Vazirbek Avazbekov rebuilt his house four times before government officials in Tajikistan decided to move his village from its avalanche- and flood-prone valley to Navruz, a dusty patch of desert more than 300 kilometers away.
“People were dying in these disasters – homes were being swept away,” said the slender schoolteacher, reminiscing about life in the isolated Pamir Mountains hamlet of Baghush. “So when the government offered to move us, promising houses, streets and a school, we agreed.”
Six months later, Avazbekov found himself rebuilding his house for a fifth time. “When we arrived in Navruz, there was nothing,” he said. “Not even a tree.”
In the spring of 2000, authorities moved more than 200 families from five districts in Tajikistan’s mountainous Gorno-Badakhshan region to southern Tajikistan; 56 of them ended up in Navruz.
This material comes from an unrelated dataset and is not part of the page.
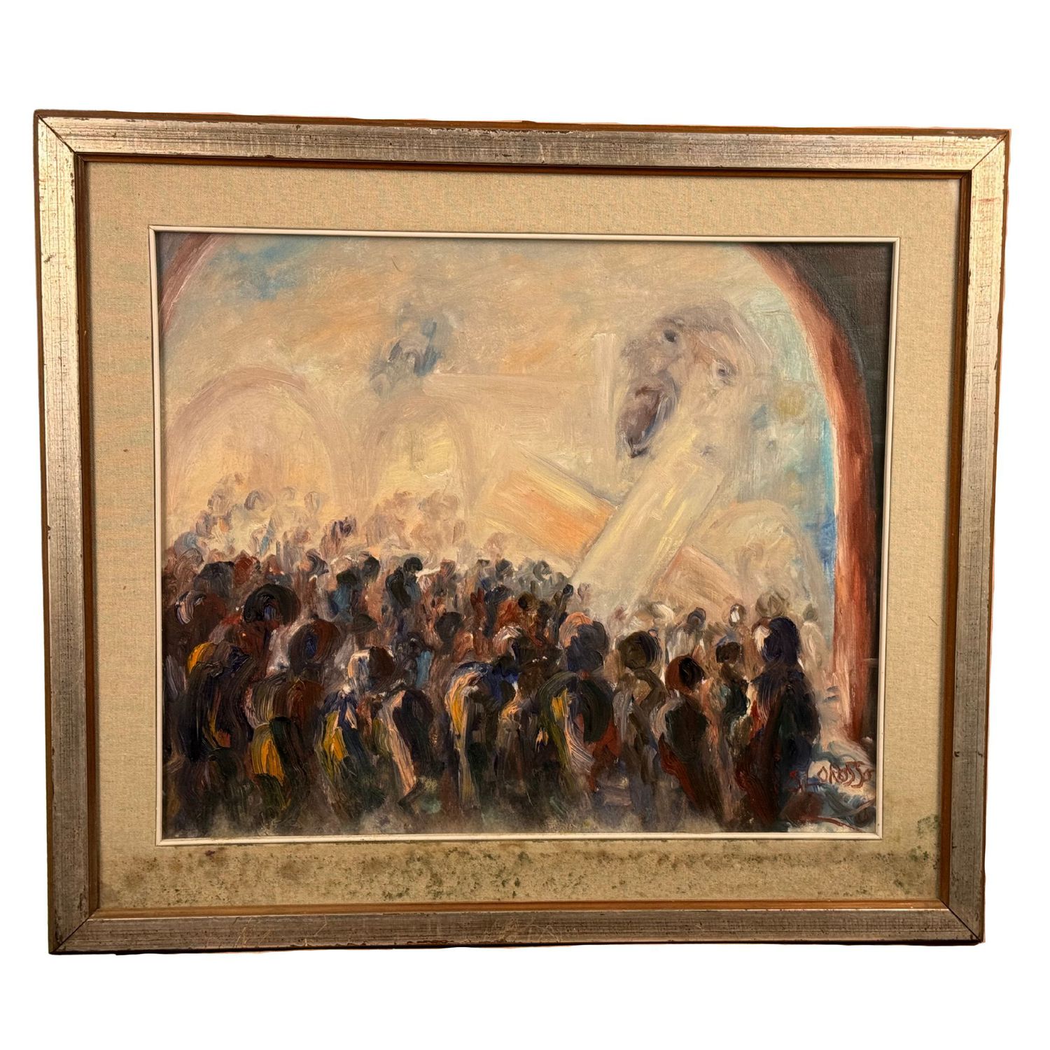 Dipinto olio su tela, periodo XX secolo scuola Europea, raffigurante Scena religiosa.

Each family was given a canvas tent and 300 somoni (about $63 at today’s exchange rate). “It wasn’t even enough to buy bricks,” said Avazbekov.
When she arrived, Natalia Chorshanbieva shared her tent with seven family members and whatever desert fauna managed to crawl under the walls. “We used to eat breakfast with snakes and scorpions,” said the 55-year-old grandmother. Now, she lives in a squat mud and plaster house, like most families in Navruz. Villagers worked together to build the houses during the first summer; roofing materials were supplied by an international NGO.
“We brought nothing, not even a plate to eat off,” said Mobegim Odinamamadova. The 56 families had piled onto two buses, “which is why we needed empty hands,” added the outspoken mother of eight. “Bedding, carpets, dishes, livestock – we left everything because we were promised we would be moving into houses in good condition, with water.”
Today, the remains of a broken aqueduct run across cracked desert toward the patch of spindly trees that surround Navruz. Over the past decade, families have slowly rebuilt the lives they left behind, acquiring new teapots and colorful carpets, as well as chickens and goats, thanks in large part to labor-migrant remittances from abroad. (More than 70 percent of Navruz’s young men are working in Russia). But remittances have not been able to resolve the community’s water woes. “We wanted to move because of disaster issues, but now we can’t even grow crops because of water issues,” said Avozbekov, the teacher. “Without water people cannot live.”
From his desk drawer, Avazbekov pulls out a dog-eared photocopy of a handwritten letter: “Dear Mr. President,” it begins. “Thank you for moving us here, there are no disaster issues. But there are bad conditions due to lack of water.” The original letter, which he sent seven years ago, asks the president to help Navruz resolve its water problems. Avazbekov says the president didn’t respond. “We also asked the hookimat [district administration] to help us resolve these issues, but got no response.”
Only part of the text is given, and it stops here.